- Recorded data:
····················

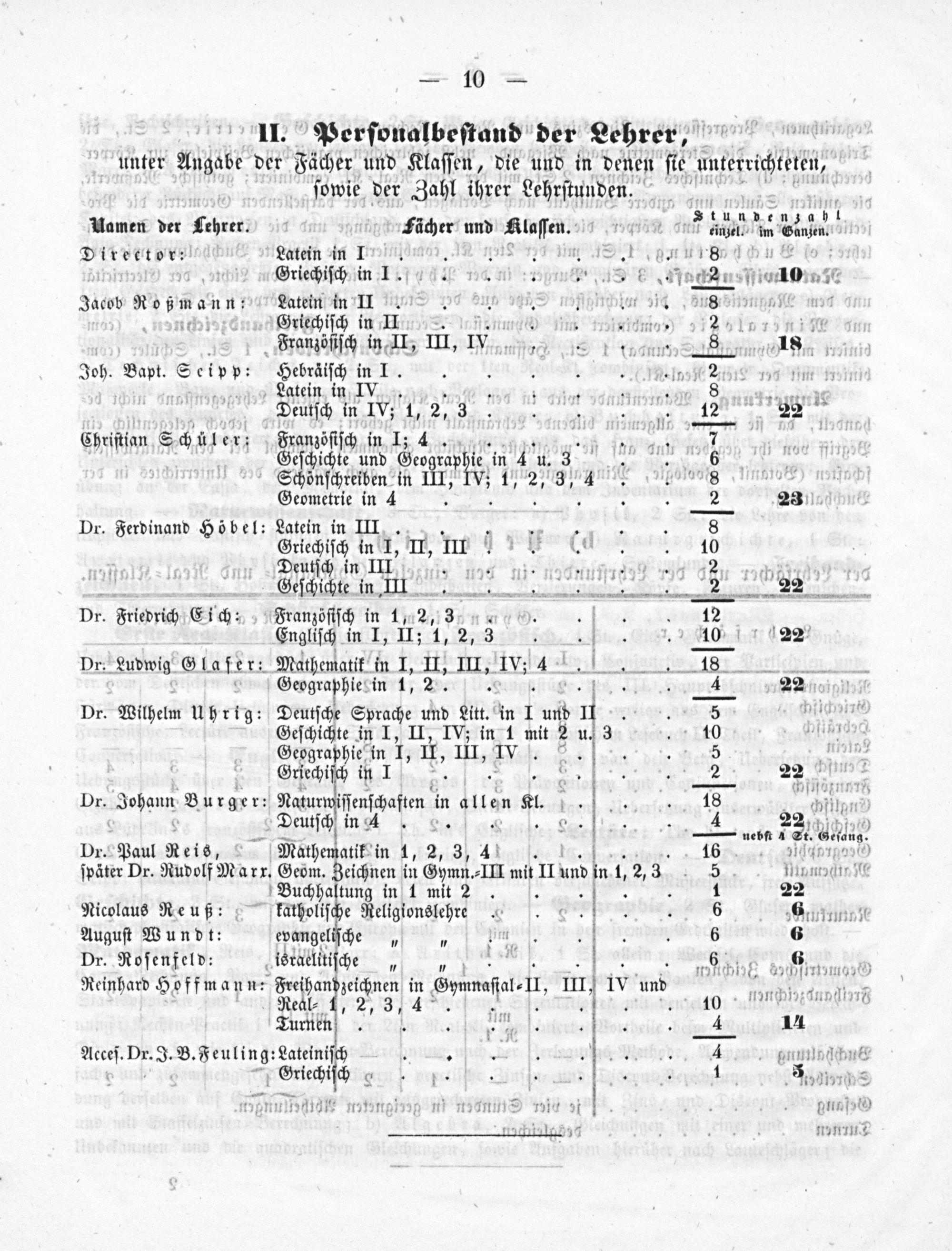 Uamen der Lehrer. Fächer und Klaſſen.* 12 un 2⸗ 2e Director: Latein in Iw in. 1. I. 718 v. nin. 1=.1. g. u 1·85 d h u 1 1 12„Griechiſch in I. 14. ni:: 5 k 2. l0 916 Jacob Roßmann: Latein in II 39 31.. Aohchlur u. 27E m . ich Griechiſch in II. e me i ee⸗ 11 M . Franzöſiſch in II, III, IV e nn 18 Joh. Bapt. Sceipp: Hebräiſch in 1. 7 n Latein in IV. Deutſch in IV; 1, 2, 3 1i inel 22 Chriſtian Schüler; Franzöſiſch in I; 4.. Geſchichte und Geographi ie in 4 u. 3 1 1 Schönſchreiben in IIImIVI 1nu2 A 4 1 Geometrie in 4. 23 Dr. Ferdinand Höbel: Latein in III. Griechiſch in I, II, III Deutſch in IIl'. b Geſchichte in III—— 22 Dr. Friedrich Eich: Franzöſiſch in 1, 2, 3 1... Engliſch in I, II; 1, 2, 3 1.. 122 Dr. Ludwig Glaſer: Mathematik in 1, II. III, IV: 4——— Geographie: in 1, 2....... 22
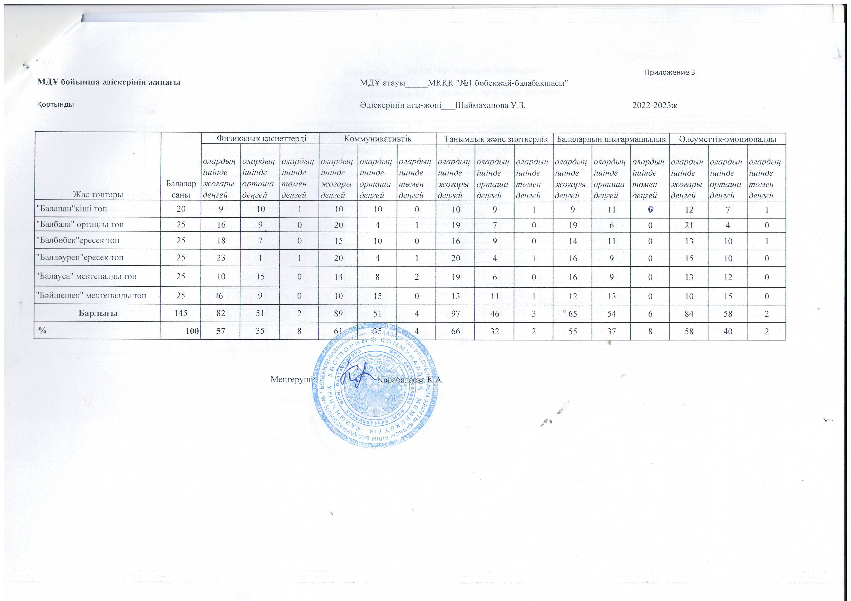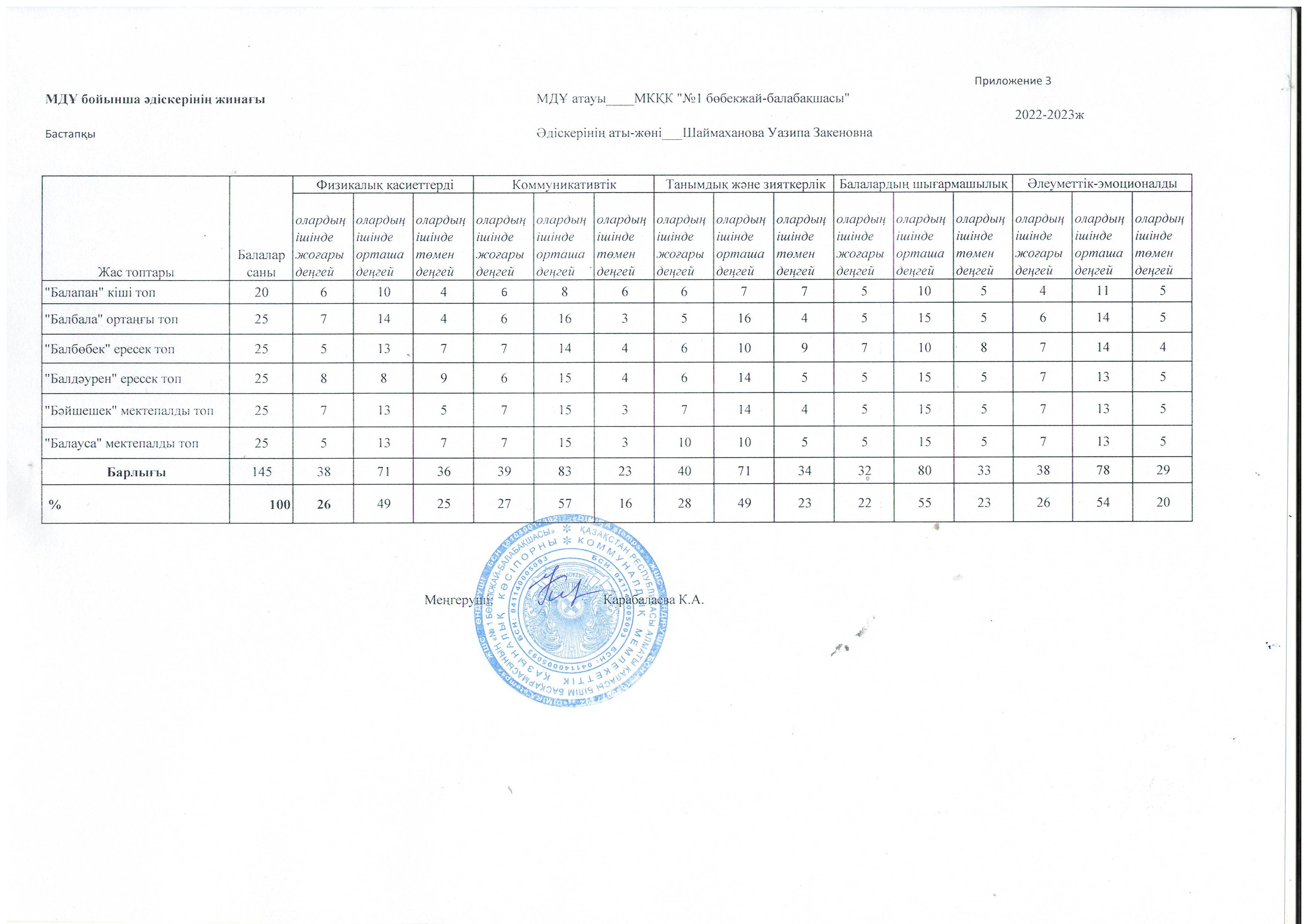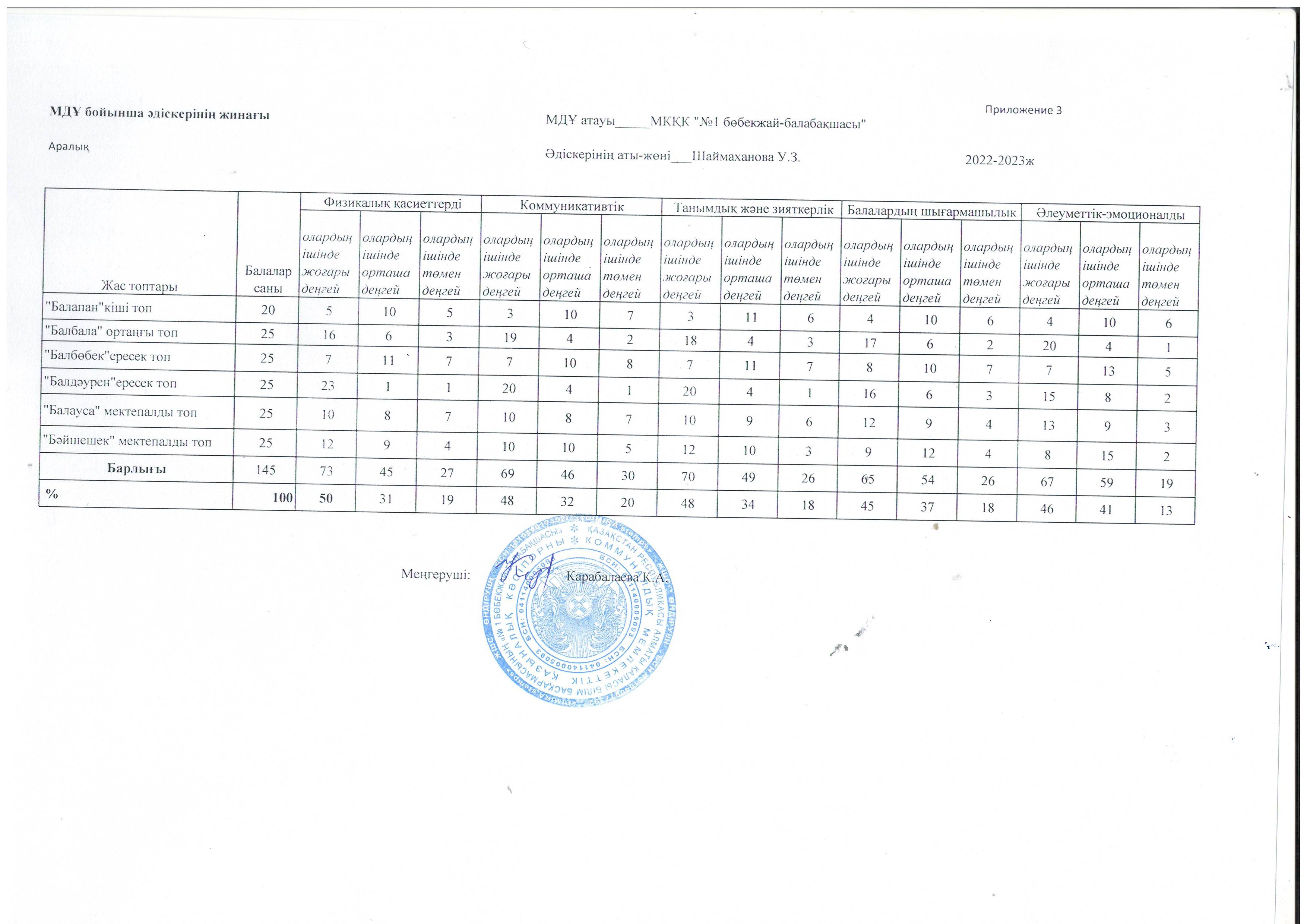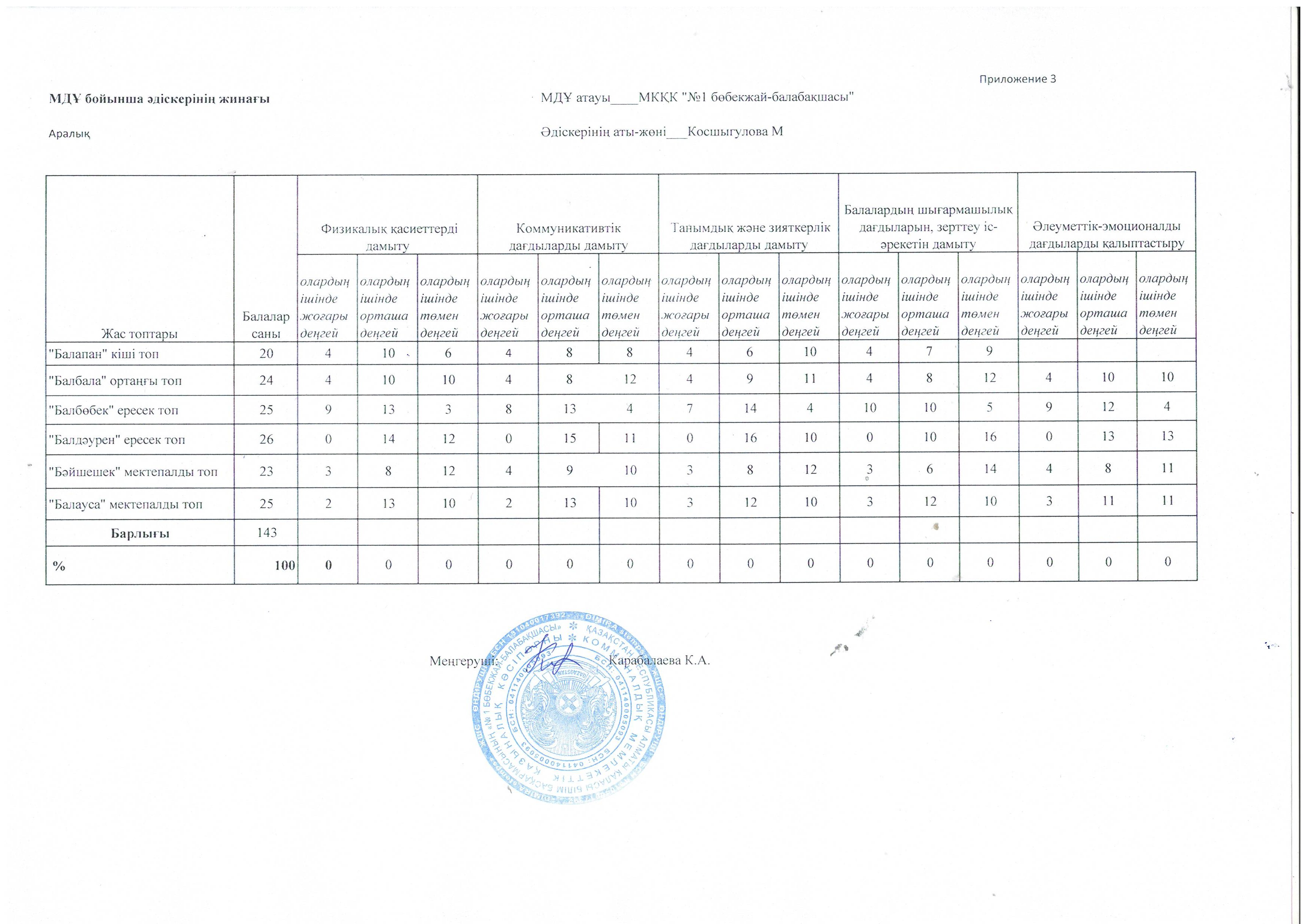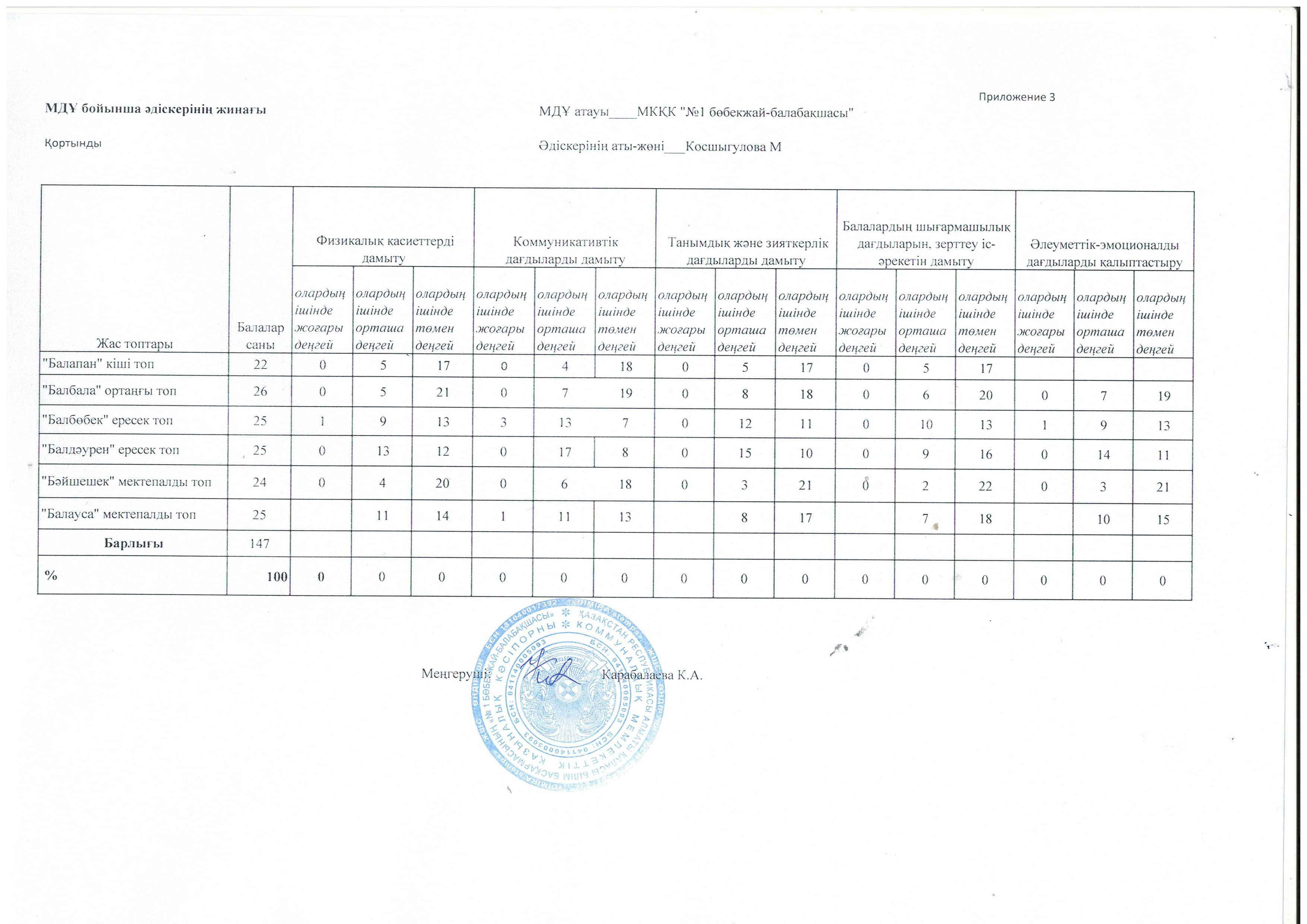Білім бағалау » ГККП "Ясли-сад №1". Алатауский район
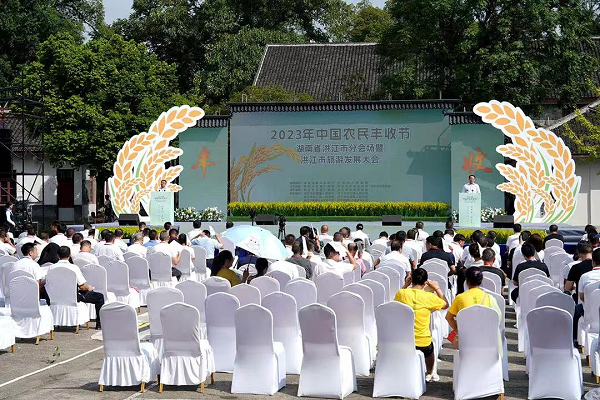 9月20日,2023中国农民丰收节湖南省洪江市分会场暨洪江市旅游发展大会等系列活动在洪江市安江农校纪念园举行。湖南省农业农村厅二级巡视员李立平,怀化市政协副主席肖莉杏等省、怀化市领导及洪江市市委书记郑小胡,市委副书记、市长向青松等出席。丰收节在以农耕文化为主题的文艺演出中拉开帷幕,丰富多彩歌舞节目让嘉宾们和游客领略了洪江市独特的春耕、播种、丰收等农耕真实生产生活场景,充分感受到千年农耕文明魅力。随后嘉宾和当地农民朋友们参加健康跑、浏览稻香集市,参加农耕运动会,置身稻香深处,触摸着中国农业波澜壮阔的脉动,体会丰收的喜悦。乡间田野新风光,稻香集市好“丰”景。安江镇又被称为“物种变异天堂”,独特的地理环境孕育了这里丰富的物种资源。稻香集市上集合了当地农特产品,黔阳冰糖橙、安江香柚、安江脐橙、安江金秋梨等等,洪江特产誉满神州,香飘四海。

····················

The listing above must be given again exactly, minus its pictures.

- Exercise response:
 Uamen der Lehrer. Fächer und Klaſſen.* 12 un 2⸗ 2e Director: Latein in Iw in. 1. I. 718 v. nin. 1=.1. g. u 1·85 d h u 1 1 12„Griechiſch in I. 14. ni:: 5 k 2. l0 916 Jacob Roßmann: Latein in II 39 31.. Aohchlur u. 27E m . ich Griechiſch in II. e me i ee⸗ 11 M . Franzöſiſch in II, III, IV e nn 18 Joh. Bapt. Sceipp: Hebräiſch in 1. 7 n Latein in IV. Deutſch in IV; 1, 2, 3 1i inel 22 Chriſtian Schüler; Franzöſiſch in I; 4.. Geſchichte und Geographi ie in 4 u. 3 1 1 Schönſchreiben in IIImIVI 1nu2 A 4 1 Geometrie in 4. 23 Dr. Ferdinand Höbel: Latein in III. Griechiſch in I, II, III Deutſch in IIl'. b Geſchichte in III—— 22 Dr. Friedrich Eich: Franzöſiſch in 1, 2, 3 1... Engliſch in I, II; 1, 2, 3 1.. 122 Dr. Ludwig Glaſer: Mathematik in 1, II. III, IV: 4——— Geographie: in 1, 2....... 22
Білім бағалау » ГККП "Ясли-сад №1". Алатауский район
 9月20日,2023中国农民丰收节湖南省洪江市分会场暨洪江市旅游发展大会等系列活动在洪江市安江农校纪念园举行。湖南省农业农村厅二级巡视员李立平,怀化市政协副主席肖莉杏等省、怀化市领导及洪江市市委书记郑小胡,市委副书记、市长向青松等出席。丰收节在以农耕文化为主题的文艺演出中拉开帷幕,丰富多彩歌舞节目让嘉宾们和游客领略了洪江市独特的春耕、播种、丰收等农耕真实生产生活场景,充分感受到千年农耕文明魅力。随后嘉宾和当地农民朋友们参加健康跑、浏览稻香集市,参加农耕运动会,置身稻香深处,触摸着中国农业波澜壮阔的脉动,体会丰收的喜悦。乡间田野新风光,稻香集市好“丰”景。安江镇又被称为“物种变异天堂”,独特的地理环境孕育了这里丰富的物种资源。稻香集市上集合了当地农特产品,黔阳冰糖橙、安江香柚、安江脐橙、安江金秋梨等等,洪江特产誉满神州,香飘四海。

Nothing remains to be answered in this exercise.